Before they get married.
For those who pay close attention to the details and descriptions, and not just the parts about fruit, deer, grass and streams of flowing water, is the evolution of a relationship. A relationship that is about to be consummated. In other words, there's a lot of passion and desire between the lover and his beloved. It's obviously grown and been kept in check, but even in few days remaining before their weddings its a struggle. The struggle? How to let the feelings grow while not letting the feelings overwhelm and control. The answer? Good friends and community support. Oh, and to let the feelings grow.
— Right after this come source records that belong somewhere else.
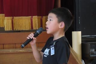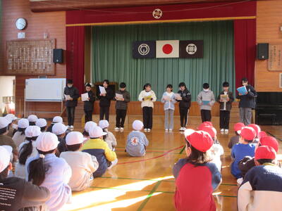 1週間延期になっていた全校朝会と給食感謝集会。ようやく今日行うことができました。笑う
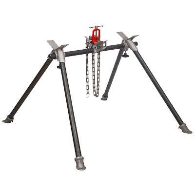 Field Pipe Vise holds pipe up to 20 (500 mm) diameter. More pipe capacity than other Reed vises and 2,000 lb (909 kg) vise capacity, yet weighs only 22 lbs (10 kg) without legs and backbone. Super choice for pre-trench work and above ground cuts. Excellent flexibility achieved in height and length of vise appropriate to application as customer may cut own pipe for legs and backbone. Legs and backbone for this vise are available, but must be ordered separately (# 96014) and weigh 50 lbs (22.7 kg). To create legs, use 1 1/2" Sch. 40 steel pipe.
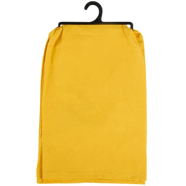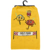 A yellow cotton kitchen towel from our LOL-Made You Smile Collection displaying hand illustrated designs of fast food characters racing each other in a fun retro style with a finish line banner that reads "Fast Food Tasty Race." Our Fast Food Tasty Race kitchen towel is conveniently machine-washable for easy cleaning. Retro kitchen towel is packaged on a black plastic hanger to easily display on rack. A fun food-themed gift perfect for a retro kitchen accessory.
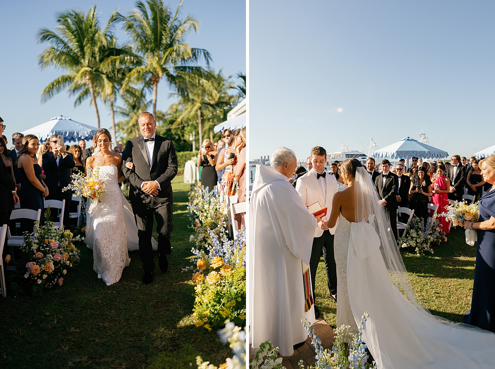 Emily and Bobby exchanged vows outdoors with the Sailfish Club’s stunning coastal backdrop setting the scene. With gentle breezes, soft light, and views of the sunset peeking in the distance, their ceremony felt intimate and romantic. Surrounded by family and friends, they promised forever in a space that felt meaningful and naturally beautiful.
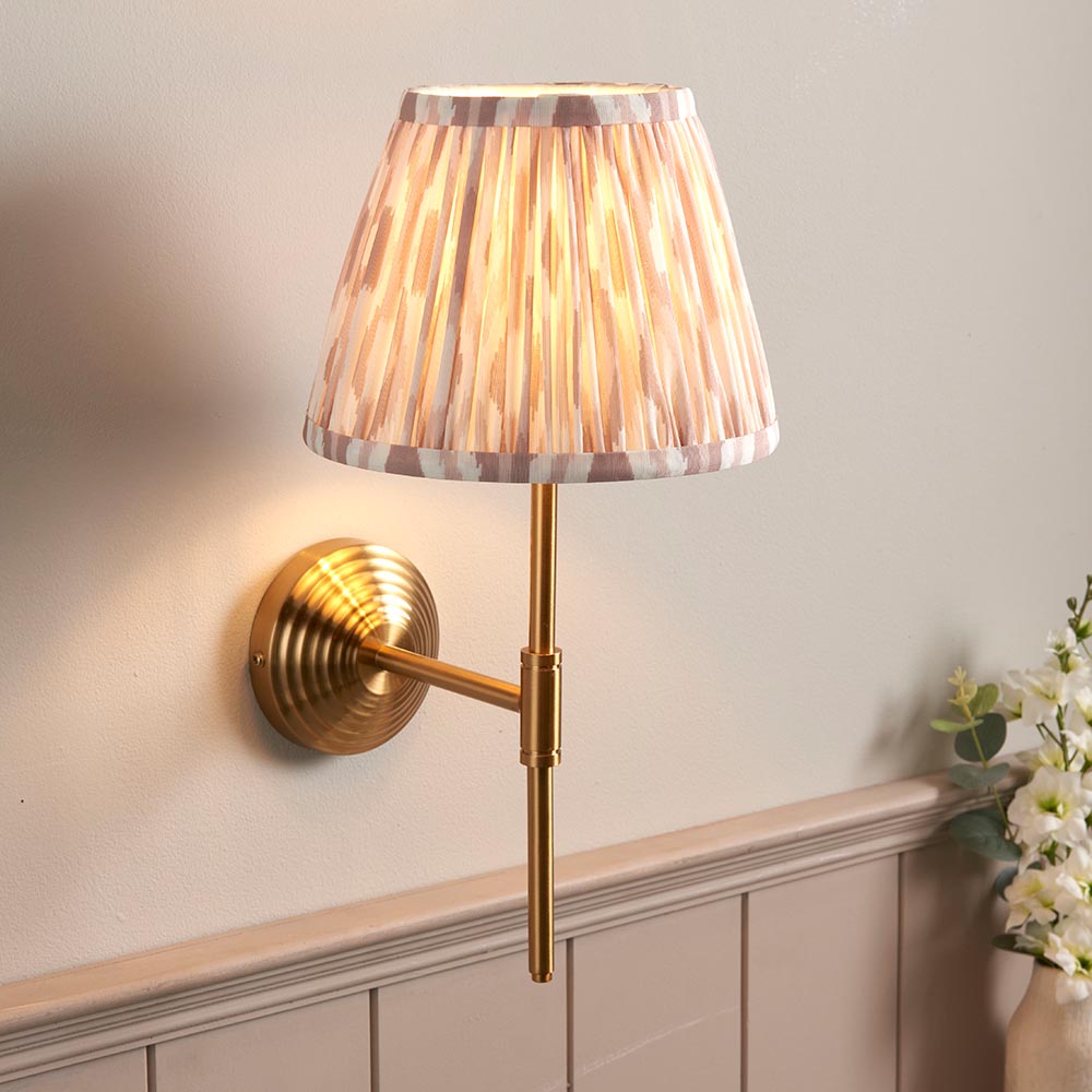 A multiple stepped wall light with an understated T shape arm. Perfect for many areas of your home, finished in brushed aged brass; completed with our natural 20cm Ikat shade for a classic look.

Because they are supposed to be growing.
Like fruit on a tree, sexual feelings are supposed to be growing; they should be ready for picking on the day of the wedding. With that encouragement, that's exactly what my fiancé and I are practicing. And that's the standard we're holding ourselves accountable towards. To let the feelings grow at a slow and stable pace. Which takes a lot of patience.
This is where my physical training is helping me the most. I know strength and endurance take time to build. I know there are shortcuts, but none that will produce the longevity I desire. Like my physical training, I have to take the time by communicating with my fiancé to build what it is we want. It's more than physical intimacy. It's being intimate with each other's souls. We're taking efforts to keep our pace slow, to keep ourselves from speeding ahead, yet moving towards our goal.
It's not perfect. We don't have a formula. At this point it comes down to deciding what's pure and what's right each and every day. That's all we can do.
For those who want to know what's right and what's not, I suggest reading and discussing the materials from purity culture. Some of the books are bad arguments for good things. No author is perfect. Take the principles and find out how to apply them. You'll need to learn how to focus your mind, and you'll need to learn how that's different from shutting your body down. It's an art form of living, its not something you only achieve by learning how to say "No, I won't," its something you learn how to live by saying, "Yes, I will."
There's more I could say and there's more that needs to be said. There are terms that need to be defined and probably some of my experiences that need to be clarified. Being silent won't create the change we want in our world. We have to take risks. We have to talk about what's happened, what's happening. We need to open up the dark closets of fear, or we will find ourselves incapable of changing. I want to live in a world where we are unafraid of wholeness. I want to live in a world where we encourage one another to live undivided lives. Amen.